# Records drawn from a dataset:
+ + +

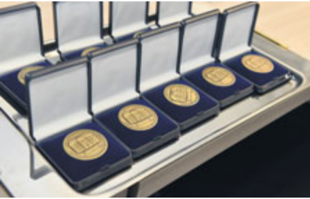
Medaile pro lékaře a sestry, kteří se zasloužili o rozvoj zdravotnictví na Příbramsku.

Otázky etiky, práva a ekonomiky v medicíně řešily přednášky v rámci devátého ročníku vzdělávací akce Kadeřábkův den. Ta se letos konala v Oblastní nemocnici v Příbrami na počest prvního primáře interního oddělení Františka Kadeřábka.
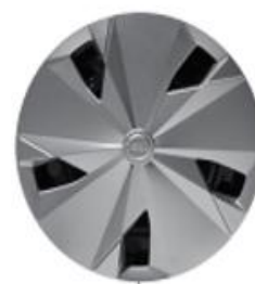
Колпаки на 16" стальные колеса

*Вариант цвета доступен только с черными бамперами. Цвета ориентировочные.
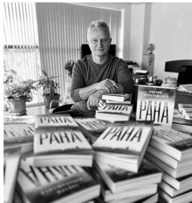
Романа „Рана“ вече го има и в електронен вариант, събщи самият автор

Както се вижда от класацията, предпочитани от българите са родните автори – 7 от 10 доминират в нея. Повсяка вероятност и настоящата 2024-а отново ще е силна за творците ни, тъй като от „Сиела“ дават заявка за силни заглавия, които ще се появят в следващите месеци.
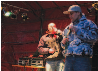
Jeden Osiem L – swoje przeboje śpiewali razem z widzami
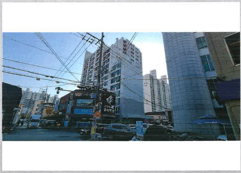
본건 아파트(101동) 외부 전경
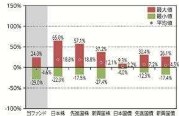
当ファンドと他の代表的な 資産クラスとの騰落率の比較

*2013年6月～2018年5月の5年間の各月末における直近1年間の騰落率の平均・最大・最小を、当ファンド及び他の代表的な資産クラスについて表示し、当ファンドと他の代表的な資産クラスを定量的に比較できるように作成したものです。他の代表的な資産クラス全てが当ファンドの投資対象とは限りません。
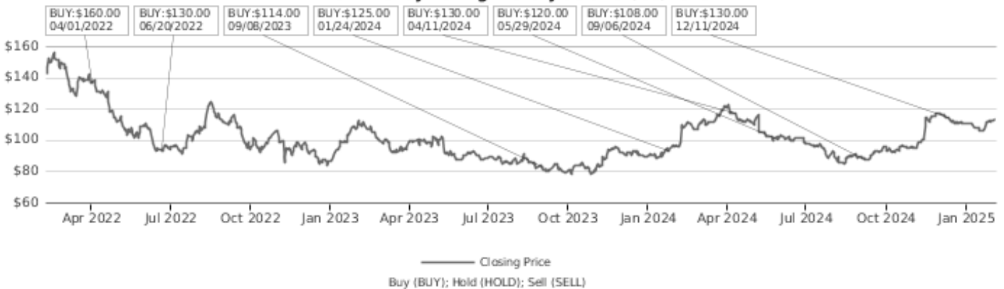
Walt Disney Rating History as of 02/03/2025

+ + +

# Work instructions:
Print only the lines running from the one containing "본건 아파트(101동) 외부 전경" to the end of the data above, exactly; include no pictures.

# Result for this exercise:
본건 아파트(101동) 외부 전경
当ファンドと他の代表的な 資産クラスとの騰落率の比較

*2013年6月～2018年5月の5年間の各月末における直近1年間の騰落率の平均・最大・最小を、当ファンド及び他の代表的な資産クラスについて表示し、当ファンドと他の代表的な資産クラスを定量的に比較できるように作成したものです。他の代表的な資産クラス全てが当ファンドの投資対象とは限りません。
Walt Disney Rating History as of 02/03/2025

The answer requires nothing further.